Predicting Resources of Tasks in Dynamic Workflows with Bucketing Algorithms at IPDPS 2024

 Thanh Son Phung will present Adaptive Task-Oriented Resource Allocation for Large Dynamic Workflows on Opportunistic Resources at the International Parallel and Distributed Processing Symposium 2024.

Non-technical users running dynamic workflows usually have no knowledge of resource (e.g., cores, memory, disk, GPUs) consumption of tasks within a given workflow. However, this omission of information can bring substantial performance degradation as it is important for workflow execution engines to know the exact amount of resources each task takes and make scheduling decisions accordingly.



 In the figure above, an application submits many invocations of two functions: f and g. The invocations are transformed into tasks through many layers and scheduled on worker nodes. Note that the resource specification of each task may be unknown.

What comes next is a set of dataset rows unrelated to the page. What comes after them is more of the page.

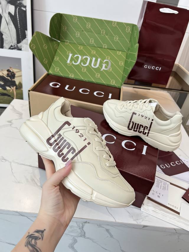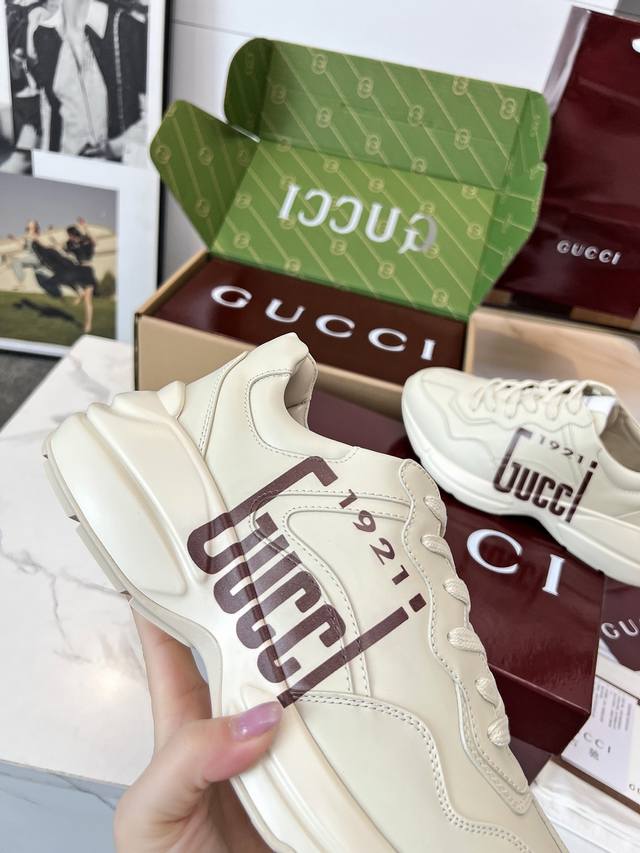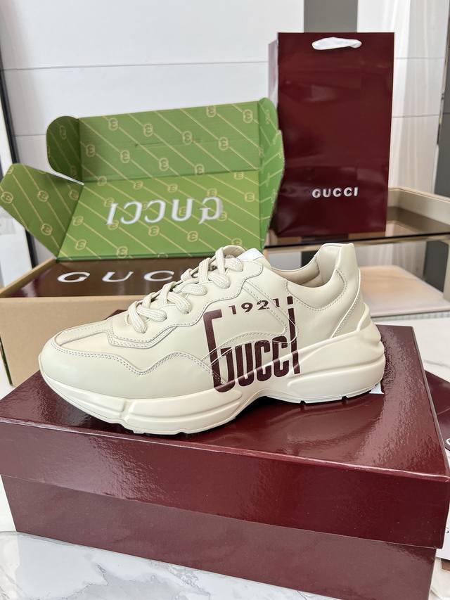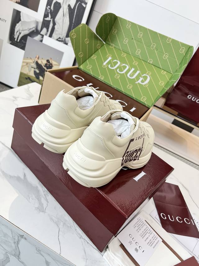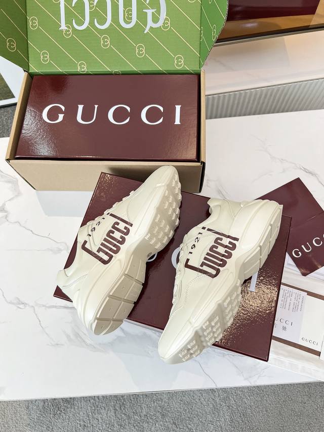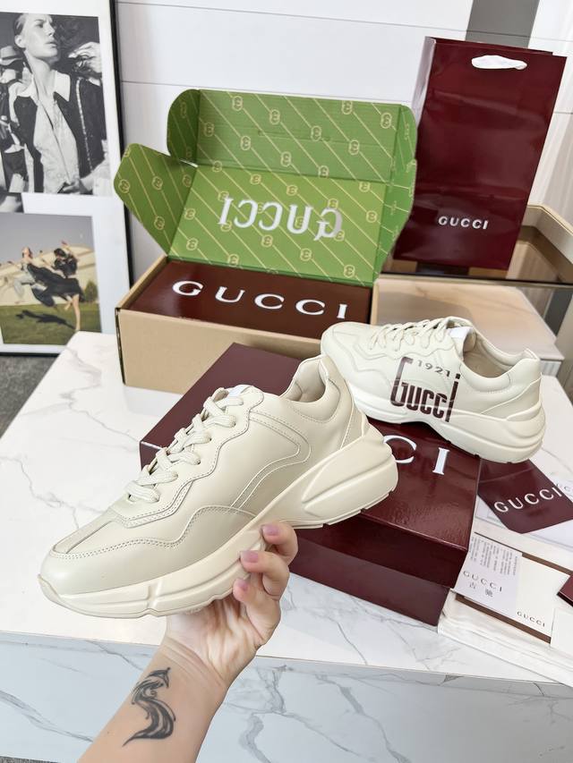 Gucci 老爹鞋,踩出你的奢华宣言 厌倦了千篇一律?渴望在人群中脱颖而出?Gucci 老爹鞋;正是你衣橱里缺失的那件风格利器! 经典重塑,复古回潮:汲取 年代复古灵魂,注入 Gucci 当代美学基因。标志性的厚实廓形、大胆线条与层次感设计,瞬间唤醒你的复古潮流Dna,成为街头绝对的视觉焦点。 双G荣耀,无处不在:无处不在的经典双G标识,或醒目点缀,或低调融入鞋身细节。这不仅是品牌象征,更是你不凡品味与身份的无声宣告。穿上它,每一步都自带光环。 奢华材质,匠心工艺:Gucci 从不妥协于品质。甄顶级皮革、
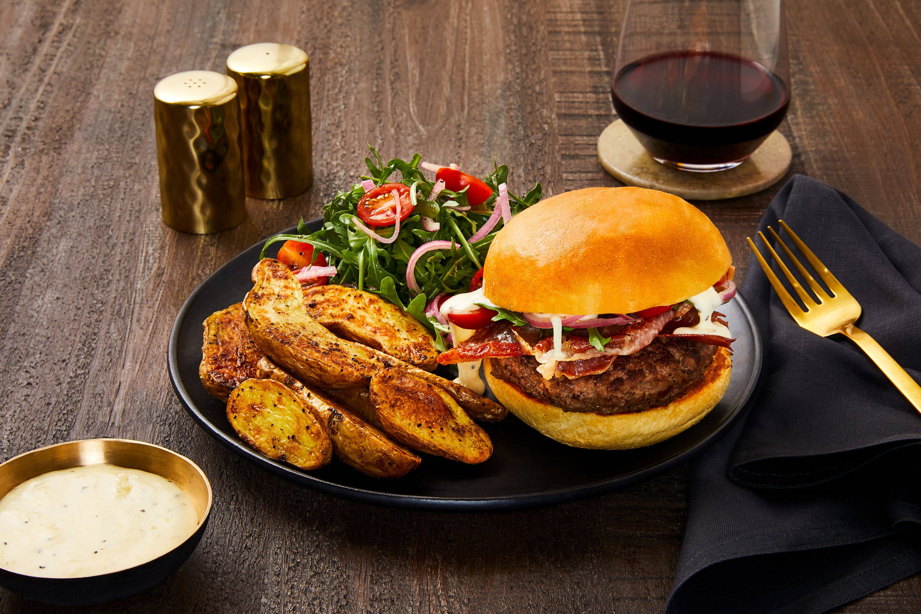 with Truffled Potato Wedges & Mixed Green Salad
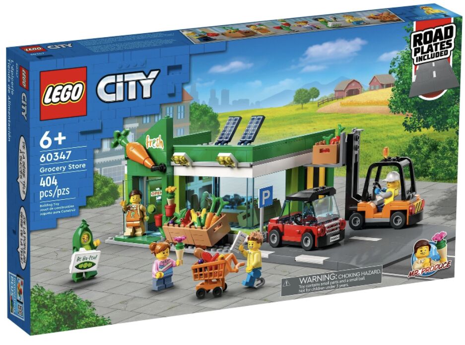 New & in Sealed Box (actual Pictures are available) This LEGO® City Grocery Store (60347) set is stocked with everything kids need for imaginative shop play. The toy supermarket is stocked with all kinds of produce and comes with an EV, forklift truck and shopping cart. Kids can also attach the store’s Road Plate parking lot to other LEGO playsets for extended play, and the 5 minifigures include LEGO City Adventures TV series character Mr. Produce. Designed for boys and girls aged 6 and up This playset comes with an easy-to-follow building guide so kids can choose to construct their own LEGO toys or join friends and family members for a fun build-and-play experience. Kids explore the world through play LEGO City playsets put kids at the heart of the action with realistic vehicles, feature-rich structures and inspiring characters for fun role play that’s based on real-life scenarios. Toy supermarket playset – Kids aged 6+ can enjoy endless hours of imaginative role play with this LEGO® City Grocery Store (60347) playset What’s in the box? – All kids need to create a toy supermarket, EV and forklift truck, plus a LEGO® Road Plate and 5 minifigures, including LEGO City Adventures TV series character Mr. Produce Features and functions – Kids can transport crates with the toy forklift, display produce, load the recycling container and connect to other LEGO® City playsets via the included Road Plate A gift for imaginative kids – This LEGO® City supermarket playset can be given as a birthday, holiday or any-other-day gift for boys and girls aged 6 and up Lots of room for shopping play – When built, the Grocery Store measures over 4 in. (11 cm) high, 14 in. (36 cm) wide and 5 in. (13 cm) deep Includes fun LEGO® minifigure accessories – This Grocery Store playset comes with a toy shopping cart, fish, bread and diverse fruits and veggies Build and play fun – This LEGO® City playset comes with easy-to-follow building instructions for all the included LEGO toys Kids learn through play – The buildings, vehicles and characters featured in LEGO® City playsets inspire imaginative and creative play that helps children develop important life skills and confidence Quality assured – Every LEGO® component meets stringent industry standards to ensure it is consistent, compatible and fun to build with Safety first – LEGO® components are dropped, heated, crushed, twisted and analyzed to make sure they meet strict global standards for safety

Since a manual resource specification for each task is unreliable, an automated solution is required. Such solution needs to be (1) general-purpose (can work with any workflow), (2) prior-free (no prior information is used as workflows may change over each run), (3) online (collect information and run as the workflow runs), and (4) robust (performant on many distributions and unexpected changes). The below figure shows two workflows: ColmenaXTB (top row) and TopEFT (bottom row). Resource types range from core, memory, disk, and execution time from left to right.

To predict resources of each task, we first collect resource records of completed tasks, group them into buckets of tasks based on their similarity in resource consumption, and probabilistically choose a bucket to allocate the next task, as shown in the example below.

We introduce two bucketing algorithms, namely Greedy Bucketing and Exhaustive Bucketing, which share the same principle of resource prediction and only differ in the way buckets of tasks are computed.

  We compare the two algorithms with five alternative algorithms on 7 workflows with 3 resource types. Results show that Greedy Bucketing and Exhaustive Bucketing consistently outperform other algorithms by yielding the highest resource efficiency in the majority of cases.